Благодаря маминым заботливым усилиям мы как-то справлялись с болячками и простудами, но вот мой хронический тонзиллит коварно подстерегал меня и всё время грозил любую лёгкую простуду превратить в жёсткую ангину. Тогда у меня резко заболевало горло, увеличивались миндалины, повышалась температура. Я начинал «болеть всерьёз». Я настолько привык к моим «ангинам», что для меня температура тела 37-38 градусов была «рабочей» температурой и я при ней читал, рисовал, смотрел журналы, телевизор, учил уроки, играл в настольные игры. Правда, я всё это делал «героически», с трудом преодолевая боль и недомогание.

Вот почему мои родители настоятельно отправляли меня в детский санаторий в маленьком городе Чекалине, который когда-то, до революции, назывался «Лихвин». В очередной раз на всё время весенних каникул (21 марта — 29 марта) меня опять мама отвезла на автобусе в город Чекалин. Я снова попал: в ту же большую «мальчиковую» палату с высоченными потолками и дверями; в ту же столовую с огромной круглой кадкой и «фикусным деревом», в которую мы тайком выливали из своих ложек горький глюконат кальция; в тот же двор санатория с сараем-конюшней и печально вздыхающей пахучей лошадью и на ту же игровую площадку с большими качелями и широкой песочницей.

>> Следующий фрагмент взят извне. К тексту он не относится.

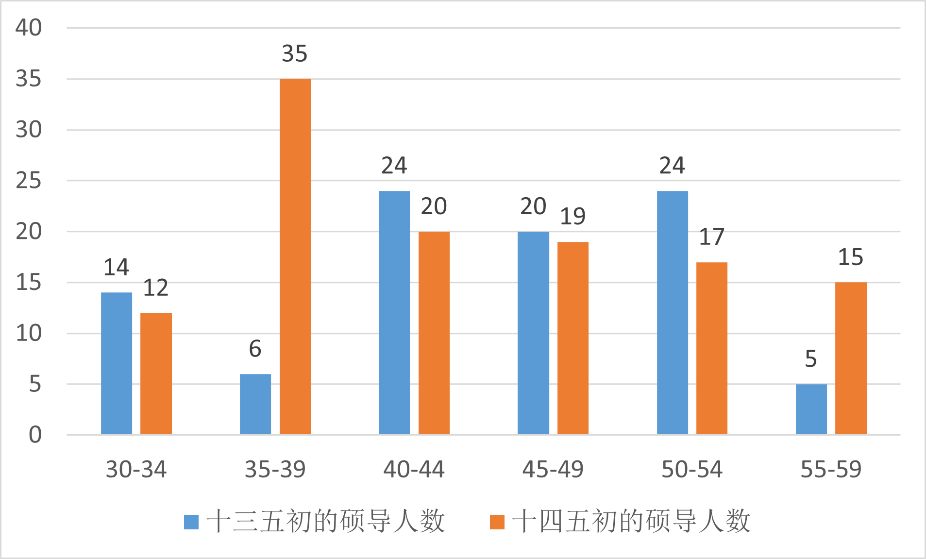 圖3 “十三五”和“十四五”初期的碩士生導(dǎo)師年齡結(jié)構(gòu)分布

Эти санаторные палаты, эта детсадовская столовая и этот куцый двор были мне уже тесными…

Я не знаю, как это получилось, но в этот раз пребывание в этом детском санатории в Чекалине было для меня уже обычным, привычным, пережитым и пройденным в моей жизни этапом, поэтому я чувствовал себя не новичком, а «старожилом», бывалым, опытным. Вероятно, это чувствовали и остальные дети – обитатели санатория, потому что с самого начала я для них стал вроде как «авторитетом».

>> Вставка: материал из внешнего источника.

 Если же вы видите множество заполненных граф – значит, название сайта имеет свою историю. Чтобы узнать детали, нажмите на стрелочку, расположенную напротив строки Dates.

Я не плакал, как некоторые девчонки и мальчишки, прощаясь со своими родителями. Я не робел и не пугался новых порядков и главврача (не молодая и красивая «Глюка», а другая пожилая женщина-врач). Я непугливо озирался по сторонам, осваиваясь в коридорах, столовой и спальнях детского санатория, располагавшегося внутри большого двухэтажного древнего здания какого-то в прошлом богатого купца старинного города Лихвин. Я не галдел вместе со всеми в столовой и в коридорах, как стая галок или ворон. Я больше молчал и действовал. Уверенно занял привычную мою постель около старинной кафельной печи в мальчишеской спальне и своё место в столовой у кадки с огромным разросшимся фикусом, куда мы и выливали украдкой горькое лекарство – глюконат кальция.

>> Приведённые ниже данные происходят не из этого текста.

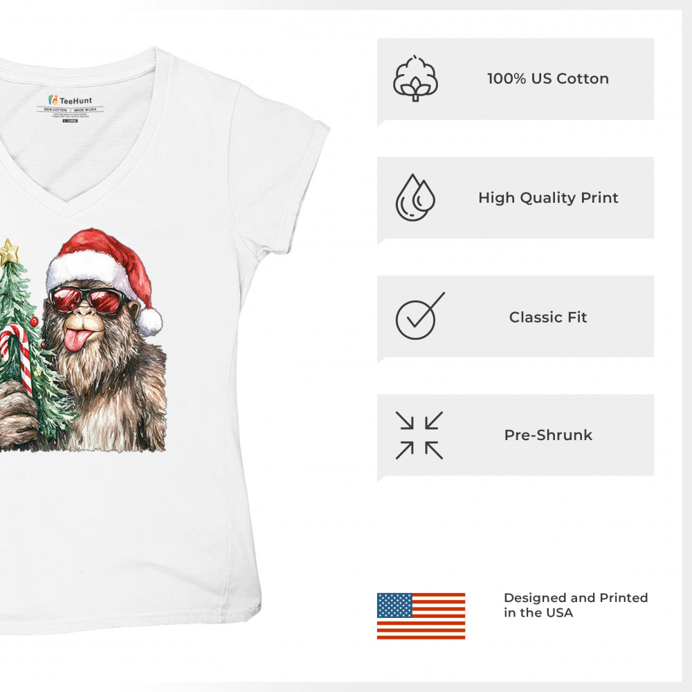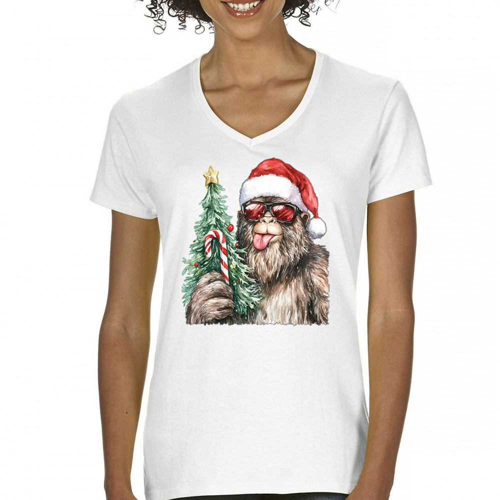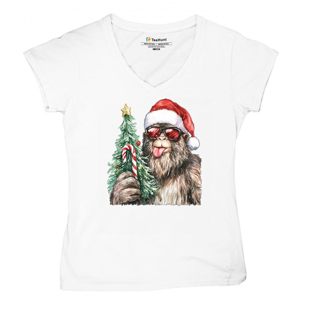 Bigfoot Christmas Santa shirt – festive Sasquatch holiday humor tee with Santa hat design, Xmas tree, candy cane, and funny Christmas style.

Только одна женщина из санитарок в столовой узнала меня, по-доброму улыбнулась мне и заговорщицки добавила мне ещё одну половинку котлетки в тарелку с картофельным пюре. Я с достоинством и вежливо поблагодарил её, внезапно вспомнив её имя и отчество, отчего эта добрая женщина буквально «расцвела» в улыбке. На всё время моего пребывания в санатории я имел от неё дополнительную ложку каши, омлета, жареной картошечки или картофельного пюре, полный до краёв стакан компота, дополнительный огурчик в салате и т.д. Ребята и девчонки за «моим» столом это заметили, и я делился с ними «добавкой» по-братски, заботливо спрашивая их и отщипывая им от своей порции «по кусочку».

Моё «старшинство» в столовой, в спальне и в санатории получилось как-то само собой, случайно, независимо от меня. Я ничего не делал для того, чтобы стать вдруг «главным» в палате, в столовой, в спальне. Просто я уже всё тут знал, видел, испытал и попробовал, поэтому особо не волновался, не переживал, был спокойным, выдержанным, терпеливым, а самое главное, не громогласным. Я давно заметил, ещё в школе и в классе, если кто-то громогласно хвалится, выпячивается, «выпендривается», то он, как правило, либо слабак, либо трус, либо наглый хам.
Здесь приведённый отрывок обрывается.